地中海北東部に位置しアジア大陸とヨーロッパ大陸にまたがり、面積が約77.5万Ku(日本のほぼ2倍)有る国がトルコ共和国です。
まだまだ大自然の多く残った美しい国で、奇岩群で非常に有名なカッパドキアのような名勝がたくさん有ります。しかし多くの犠牲者が出た99年の大地震の記憶が新しいです。95年の阪神大震災の恐怖が蘇ってきて、いつ又あの様な大きな地震が日本で起きるのかととても不安になってきます。
自然は人の心を豊かにしてくれる美しい宝石や鉱物を生み出してくれたのですが、地震や台風の様に尊い人の命や財産を簡単に奪ってしまうのも自然ですから皮肉なものです。
さて、トルコで採れる代表的な宝石と言えば12月の誕生石にもなっているスカイブルーのトルコ石だと思っている方が多くおられる様です。国の名前が付いているし、トルコに旅行された方は良くご存知だと思いますが土産物としても沢山売られているのですからやむを得ないのかもしれません。
しかしトルコではトルコ石は全くと言って良いほど産出しないのです。トルコ石の主な産地はイランやUSAのアリゾナ、ネバダ等の4州、エジプトそして中国等です。なぜこの石がトルコ石と呼ばれるようになったかという事になりますが、それはかなり昔からペルシャ(現在のイラン)やエジプトで採れたこの石がトルコを経由してヨーロッパに持ち込まれていたという事と、それを運んでいた商人にトルコ人が多かった事に因ります。
ようするに産地ではなく非常にトルコにゆかりが有ったからトルコ石と呼ばれる様になった訳です。勿論現在トルコで売られているものもイラン等からの輸入品です。
それでは本当にトルコで産出する宝石や鉱物はどのようなものでしょう。トルコ産で有名なものにエスキシェヒルという所で採れるミーアショム(海泡石 硬度2)という真っ白から淡黄色不透明な石が有ります。
この石が宝石と呼べるかどうかはともかく彫刻の材料として珍重されています。特にパイプタバコを嗜まれている方はご存知だと思いますが、パイプのボウル(刻みタバコを入れる部分)に彫刻を施したものがよく使われます。パイプは地中海沿岸で採れるブライヤー(シャクナゲ科)の根でできたものが最高とされていますがミーアショム製もまた違った味わいが有り好まれる方も多いと聞いています。削り易い石なのでご自分で彫刻されている方もおられます。

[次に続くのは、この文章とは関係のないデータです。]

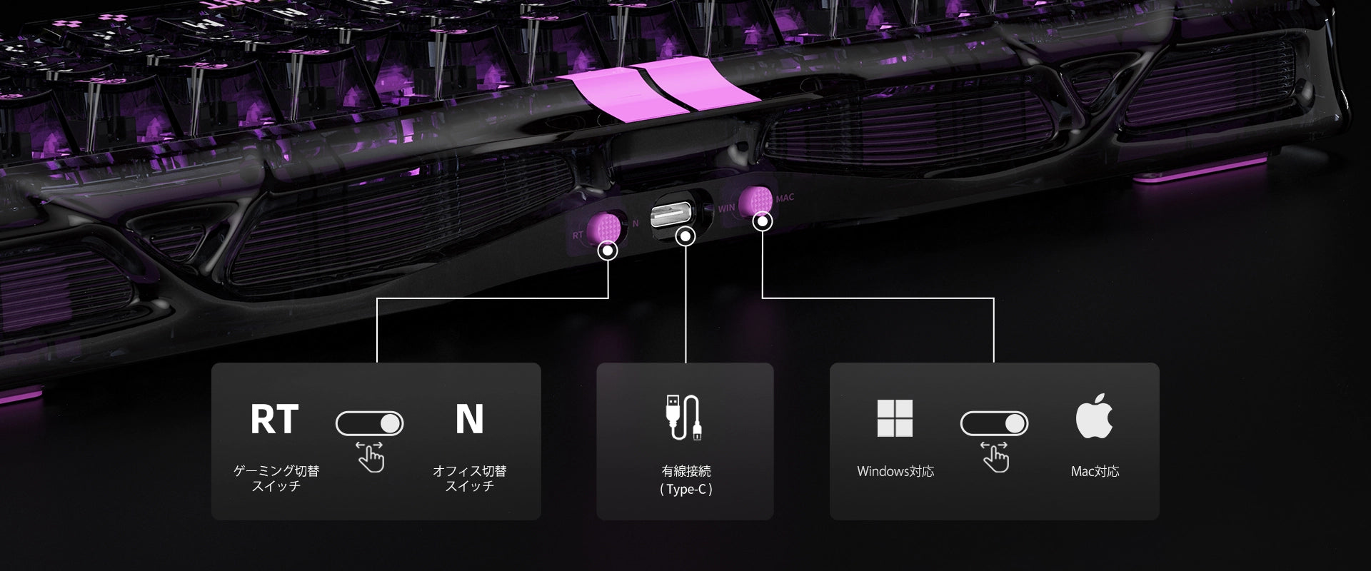- ラピッドトリガーモード:キーの「引っかかり」を排除し、上方向の移動で即座にリセット。素早い再押下と入力切替が可能。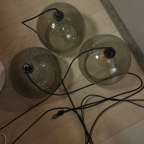 Ikke brukt, men pakket ut. 170cm ledning med «sukkerbit». Høyde glasskuppel 17 cm, diameter 14 cm. Pris pr stk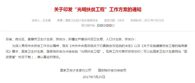 今年是脱贫攻坚的决胜之年,脱贫攻坚中健康扶贫包括白内障等眼科疾病有关内容。今日上午,国家卫生健康委员会新闻发布会上,中国扶贫志愿服务促进会副会长李守山介绍了“光明扶贫工程”相关情况。

トルコは一般宝石を殆ど産出しませんが、レアストーンの分野ではかなり良いものが一種類だけ採れます。それはダイアスポア(AlO(OH) 硬度6.5〜7)というあまり聞き慣れない宝石です。
名前はダイヤに、成分はサファイヤやルビーのコランダムに似ていますがこの二つとは全く違う鉱物です。ダイアスポアは他にUSA、イギリス、ノルウェー等世界各地で産出しますし、重さ数百グラムにも達する大きな結晶も採れるのですが、殆どが白色から褐色の不透明石でカットに値する透明感の優れたものは極稀産なのです。

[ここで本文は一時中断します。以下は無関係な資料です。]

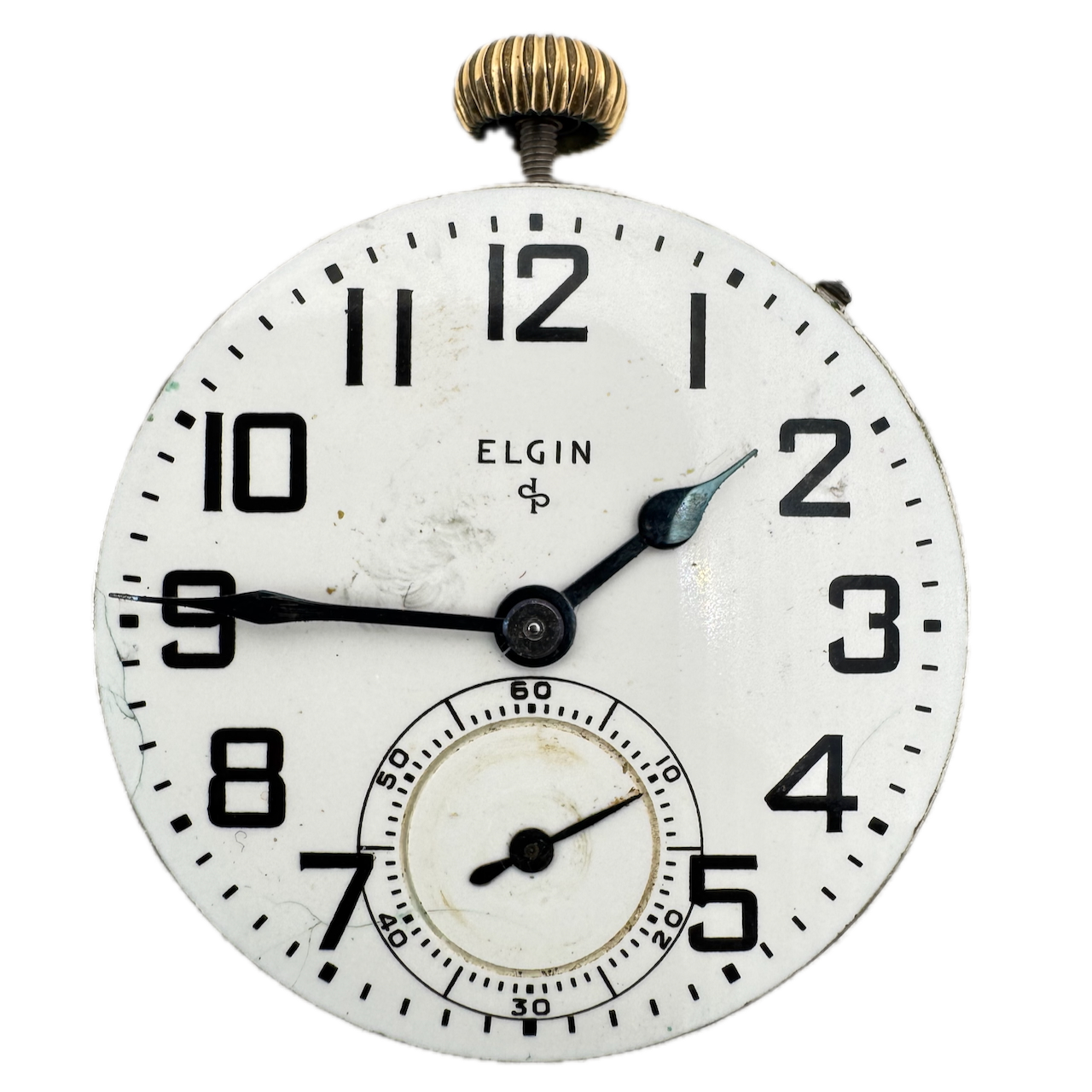 Vintage 16s 1950 Elgin 17 Jewel Mechanical Pocket Watch Movement 573 USA Product Description Item: Pocket Watch Movement Brand: Elgin Movement: Mechanical Production Year: 1950 Country: USA Jewels: 17 Jewel Gender: Men's Grade: 573 Size: 16s Product Measurements Diameter: 43mm Product Condition Overall Condition: Fair, overall condition for its age. Functions: Running, but may be in need of service. This means, it can run unreliably, start or stop and timekeeping is not guaranteed. Dial: The dial has hairline crack(s) on it. Hands: The hands have rust on them.

以前はUSAで極僅かに宝石になる品質のものが採れていただけなのですが、最近ではトルコでUSA産を超える非常に高品質な原石が採れています。カットされたダイアスポアは一見カラーグレードの低いダイヤと間違えるくらいダイヤに良く似ています。
しかしルーペでよく観察すると強いダブリング(複屈折性に因りカットの稜線が二重に見える現象)が確認できますからダイヤでないことはすぐに判ります。ダイヤ、ホワイトサファイヤ、ホワイトジルコン等無色透明石は沢山有るのですが、ダイアスポアはそれらの石とは一味違った独特の雰囲気と魅力を持った宝石です。価格もそれほど高価ではありませんから宝石収集家なら一つは手に入れたいアイテムなのです。
トルコの石で非常に残念な御話が有ります。今から3年程前にトルコの砂漠の地下で採れたという天然オブシディアン(天然ガラス)の原石が日本に入ってきたのです。ミャンマー産のロイヤルブルーサファイヤより遥かに美しい青色の石と明るいエメラルドのような緑色の石で正に新宝石といえる魅力的なものでした。
ところがその原石をカットしたルースを鑑別に掛けるとなんと結果は模造ガラス(人造ガラス)だったのです。トルコではどうどうと天然石として売られていたということですから愕然としました。